── Data shown

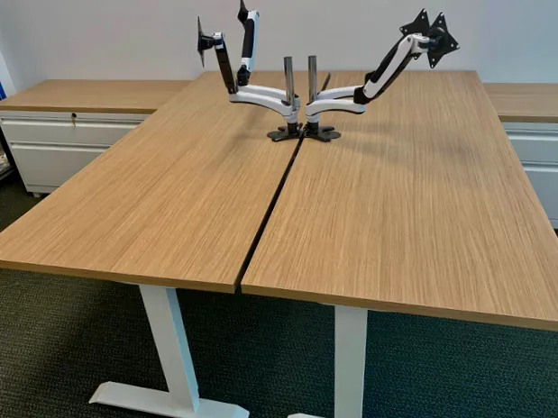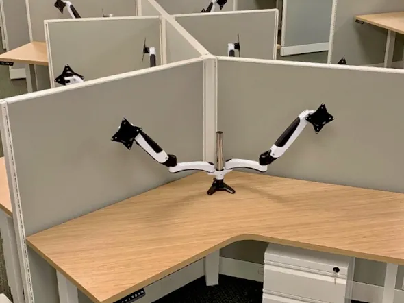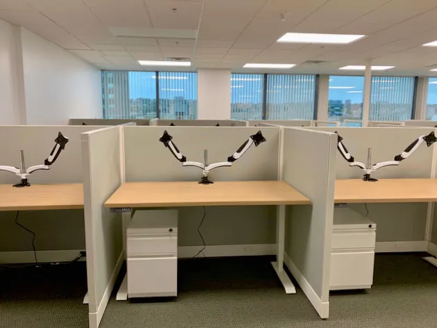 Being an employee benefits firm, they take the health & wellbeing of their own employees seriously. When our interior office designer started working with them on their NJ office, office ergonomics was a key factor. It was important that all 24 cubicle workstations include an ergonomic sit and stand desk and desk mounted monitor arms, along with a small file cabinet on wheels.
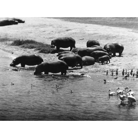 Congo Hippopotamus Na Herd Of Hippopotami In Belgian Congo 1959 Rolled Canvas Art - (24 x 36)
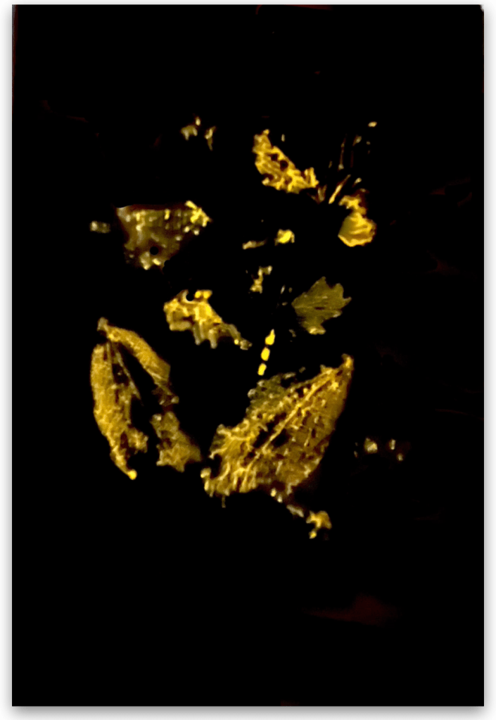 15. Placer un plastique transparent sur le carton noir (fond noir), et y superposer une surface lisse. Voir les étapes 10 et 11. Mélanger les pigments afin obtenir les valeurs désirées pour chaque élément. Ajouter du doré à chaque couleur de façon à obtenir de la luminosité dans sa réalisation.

────
── Data shown

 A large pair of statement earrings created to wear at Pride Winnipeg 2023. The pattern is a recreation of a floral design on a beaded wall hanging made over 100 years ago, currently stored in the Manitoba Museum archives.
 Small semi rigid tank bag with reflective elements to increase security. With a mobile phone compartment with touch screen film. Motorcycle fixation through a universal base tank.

────

§ **What the task asks**: Pictures do not belong in the answer. Return the lines above starting at the one with "Being an employee" and ending at the one with "15. Placer un", both kept, exactly.

§ **Solution for this problem**:
 Being an employee benefits firm, they take the health & wellbeing of their own employees seriously. When our interior office designer started working with them on their NJ office, office ergonomics was a key factor. It was important that all 24 cubicle workstations include an ergonomic sit and stand desk and desk mounted monitor arms, along with a small file cabinet on wheels.
 Congo Hippopotamus Na Herd Of Hippopotami In Belgian Congo 1959 Rolled Canvas Art - (24 x 36)
 15. Placer un plastique transparent sur le carton noir (fond noir), et y superposer une surface lisse. Voir les étapes 10 et 11. Mélanger les pigments afin obtenir les valeurs désirées pour chaque élément. Ajouter du doré à chaque couleur de façon à obtenir de la luminosité dans sa réalisation.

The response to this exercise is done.